> xbdelacour(at)yahoo(dot)com writes:
> > Hi everyone, I'm more or less new to PostgreSQL and am trying to setup a
> > rather large database for a data analysis application. Data is collected
> > and dropped into a single table, which will become ~20GB. Analysis happens
> > on a Windows client (over a network) that queries the data in chunks across
> > parallel connections. I'm running the DB on a dual gig p3 w/ 512 memory
> > under Redhat 6 (.0 I think).
> > I am setting 'echo 402653184 >/proc/sys/kernel/shmmax', which is being
> > reflected in top. I also specify '-B 48000' when starting postmaster.

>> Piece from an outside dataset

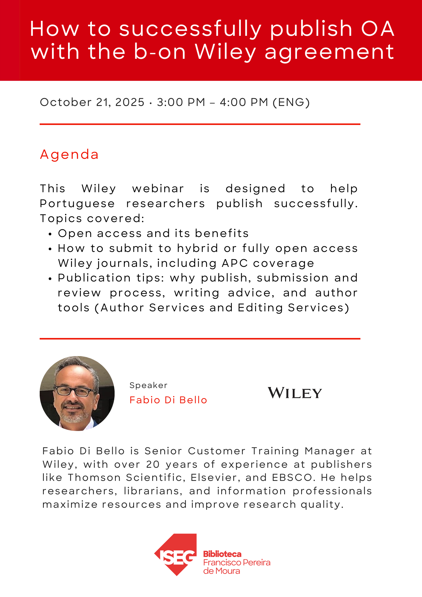 21/10/2025, 15H00-16H00 | How to successfully publish OA with the b-on Wiley agreement (ENG) | Online | Inscrição | Agenda |

> Hm. 384M shared memory request on a 512M machine. I'll bet that the
> kernel is deciding you don't need all that stuff in RAM, and is swapping
> out chunks of the shared memory region to make room for processes and
> its own disk buffering activity. Try a more reasonable -B setting, like
> maybe a quarter of your physical RAM, max. There's no percentage in -B
> large enough to risk getting swapped. Moreover, any physical RAM that
> does happen to be free will be exploited by the kernel for disk
> buffering at its level, so you aren't really saving any I/O by
> increasing Postgres' internal buffering.
FYI, I will complete a PostgreSQL performance tuning article this week
that will appear on the PostgreSQL web site. It will talk about the
problems if making -B too high, causing pages to be swapped out.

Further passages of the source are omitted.